▼▼▼

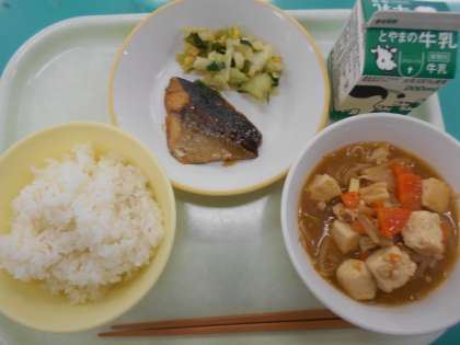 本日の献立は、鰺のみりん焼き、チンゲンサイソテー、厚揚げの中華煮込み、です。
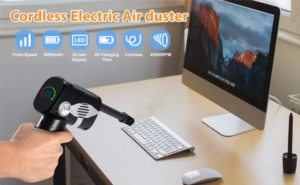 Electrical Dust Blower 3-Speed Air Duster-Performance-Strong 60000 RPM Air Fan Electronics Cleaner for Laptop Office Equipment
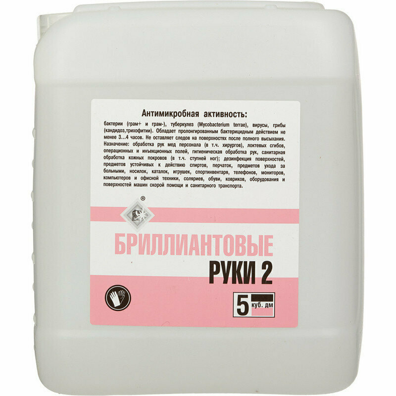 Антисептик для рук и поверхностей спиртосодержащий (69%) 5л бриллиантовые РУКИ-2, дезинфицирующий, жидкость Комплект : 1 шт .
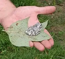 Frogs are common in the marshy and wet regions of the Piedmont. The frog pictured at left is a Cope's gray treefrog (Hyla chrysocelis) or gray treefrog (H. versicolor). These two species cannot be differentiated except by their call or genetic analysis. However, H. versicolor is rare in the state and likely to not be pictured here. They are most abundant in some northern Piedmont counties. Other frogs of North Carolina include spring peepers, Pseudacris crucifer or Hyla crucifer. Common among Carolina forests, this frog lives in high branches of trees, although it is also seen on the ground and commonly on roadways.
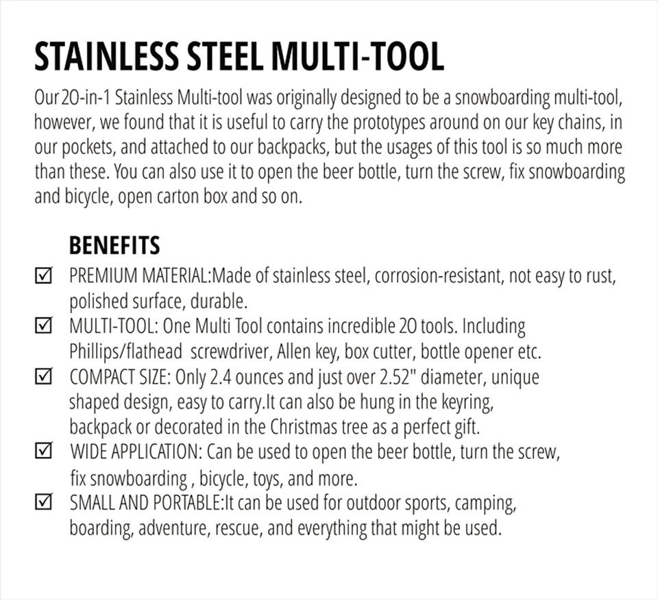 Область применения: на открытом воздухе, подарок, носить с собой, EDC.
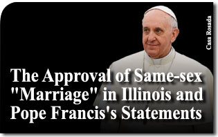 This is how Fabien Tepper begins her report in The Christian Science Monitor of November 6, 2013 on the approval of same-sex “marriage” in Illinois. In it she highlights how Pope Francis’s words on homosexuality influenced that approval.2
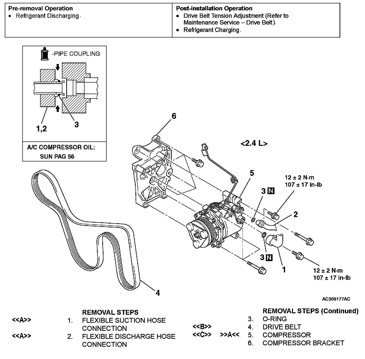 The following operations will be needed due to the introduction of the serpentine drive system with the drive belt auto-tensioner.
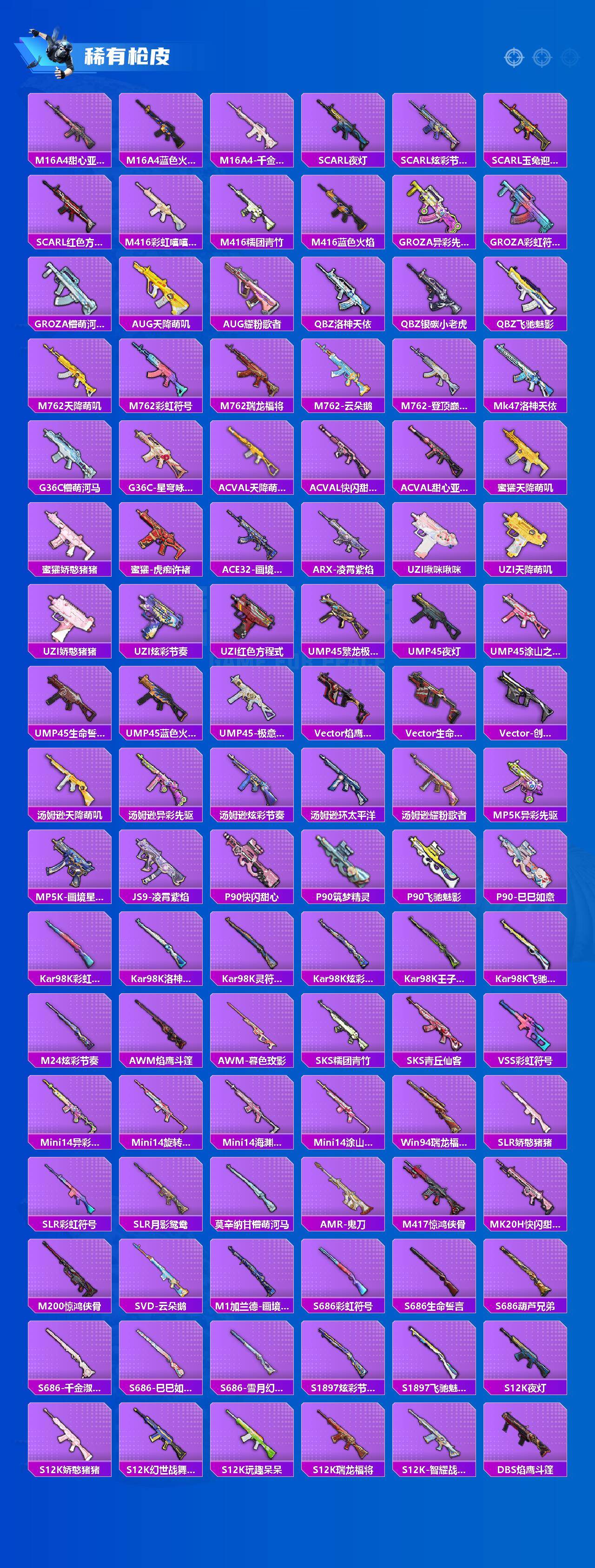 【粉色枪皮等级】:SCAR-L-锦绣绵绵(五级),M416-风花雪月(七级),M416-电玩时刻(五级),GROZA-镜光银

▲▲▲

● Description of the task: Starting at the line with "This is how", transcribe the listing above exactly through its last line. No picture belongs in the transcription.

● Response area:
 This is how Fabien Tepper begins her report in The Christian Science Monitor of November 6, 2013 on the approval of same-sex “marriage” in Illinois. In it she highlights how Pope Francis’s words on homosexuality influenced that approval.2
 The following operations will be needed due to the introduction of the serpentine drive system with the drive belt auto-tensioner.
 【粉色枪皮等级】:SCAR-L-锦绣绵绵(五级),M416-风花雪月(七级),M416-电玩时刻(五级),GROZA-镜光银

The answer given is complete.